Task description:
Skipping all pictures, please restate word for word the lines from the one that contains "Une fois les" through the last line of the entries.

Items from a dataset
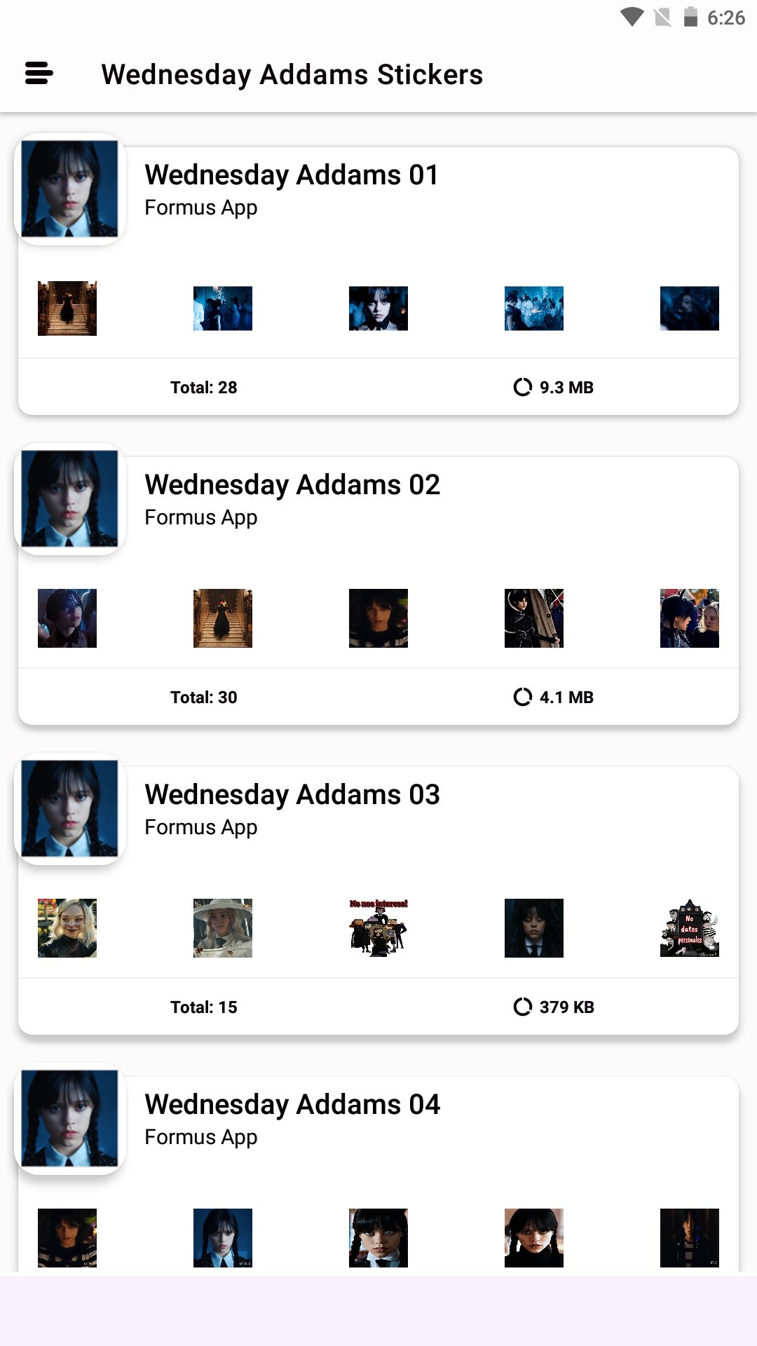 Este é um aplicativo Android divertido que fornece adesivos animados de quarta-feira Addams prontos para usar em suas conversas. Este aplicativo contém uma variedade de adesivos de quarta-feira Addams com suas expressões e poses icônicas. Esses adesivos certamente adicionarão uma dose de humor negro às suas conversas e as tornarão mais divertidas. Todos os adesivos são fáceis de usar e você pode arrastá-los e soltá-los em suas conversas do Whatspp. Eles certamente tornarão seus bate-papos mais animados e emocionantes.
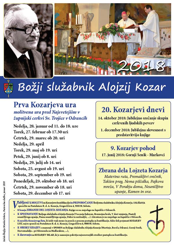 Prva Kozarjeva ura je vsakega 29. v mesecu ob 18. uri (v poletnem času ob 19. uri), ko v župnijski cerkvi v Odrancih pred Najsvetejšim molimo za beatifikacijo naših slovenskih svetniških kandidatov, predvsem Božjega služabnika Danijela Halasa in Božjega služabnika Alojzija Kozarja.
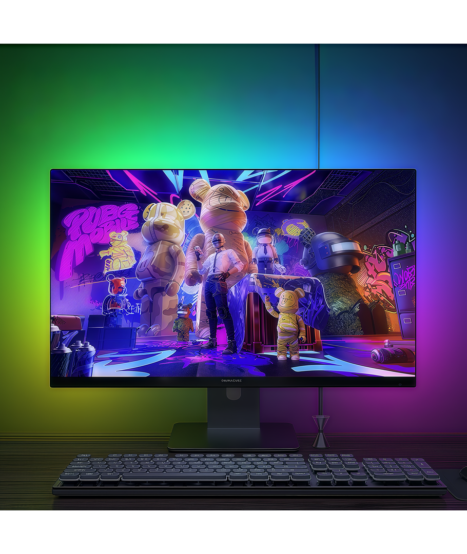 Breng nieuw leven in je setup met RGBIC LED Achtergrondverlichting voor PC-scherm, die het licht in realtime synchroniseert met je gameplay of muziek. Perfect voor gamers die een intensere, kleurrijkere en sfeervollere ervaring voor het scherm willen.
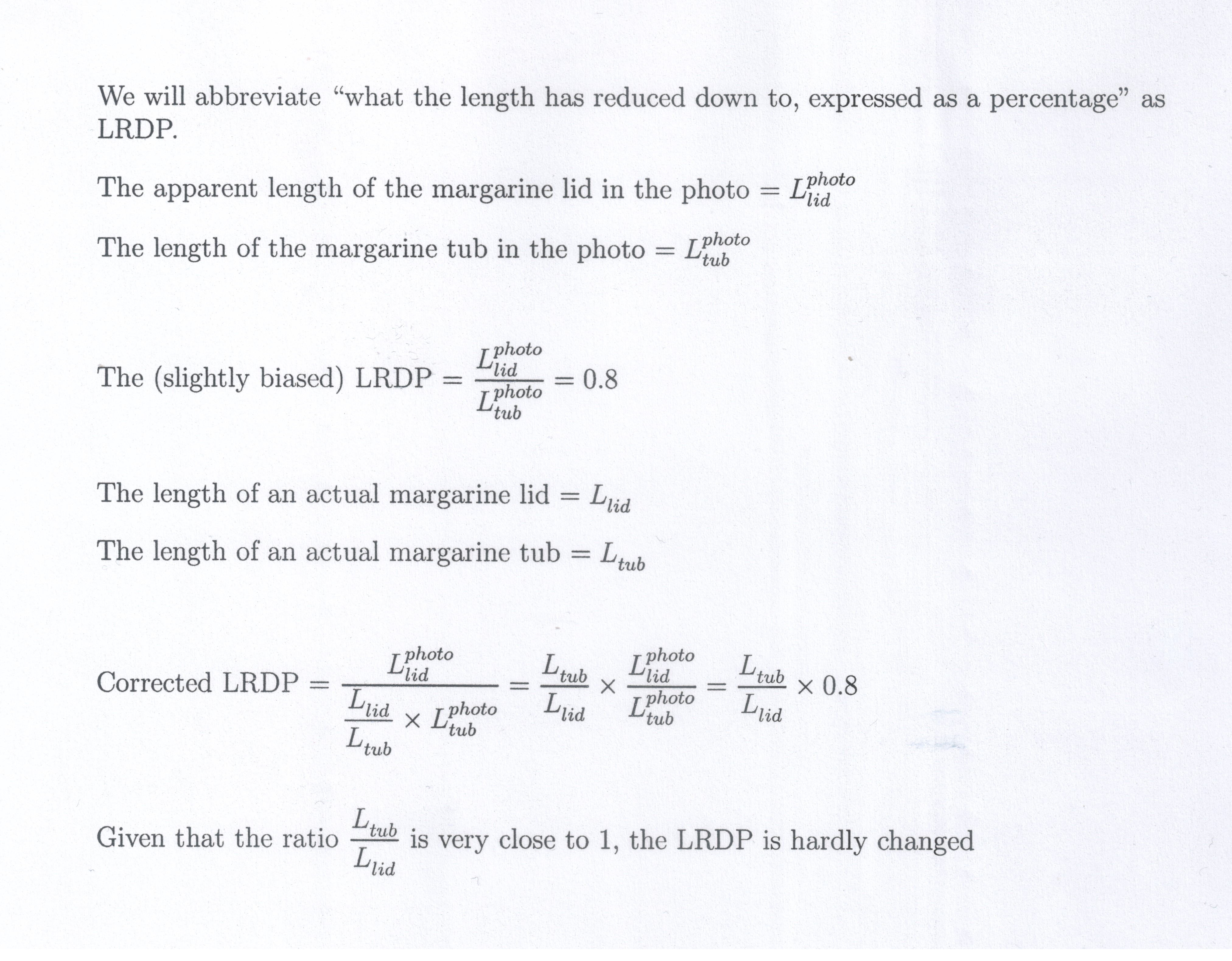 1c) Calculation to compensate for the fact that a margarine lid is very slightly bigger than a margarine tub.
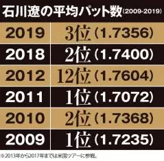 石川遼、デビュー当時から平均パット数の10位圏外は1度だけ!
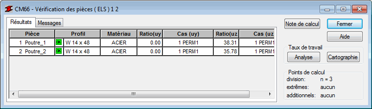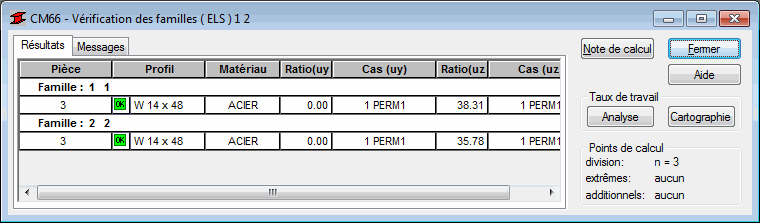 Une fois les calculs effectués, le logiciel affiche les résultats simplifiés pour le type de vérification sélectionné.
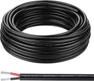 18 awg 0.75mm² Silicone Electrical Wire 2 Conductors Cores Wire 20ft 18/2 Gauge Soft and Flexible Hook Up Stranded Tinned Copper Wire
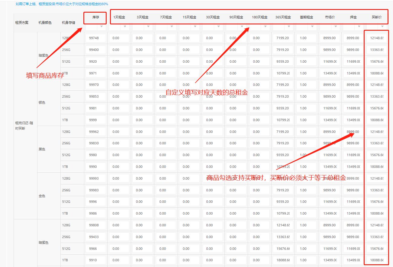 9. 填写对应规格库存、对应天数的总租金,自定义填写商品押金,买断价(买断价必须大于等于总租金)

Solution to the problem:
 Une fois les calculs effectués, le logiciel affiche les résultats simplifiés pour le type de vérification sélectionné.
 18 awg 0.75mm² Silicone Electrical Wire 2 Conductors Cores Wire 20ft 18/2 Gauge Soft and Flexible Hook Up Stranded Tinned Copper Wire
 9. 填写对应规格库存、对应天数的总租金,自定义填写商品押金,买断价(买断价必须大于等于总租金)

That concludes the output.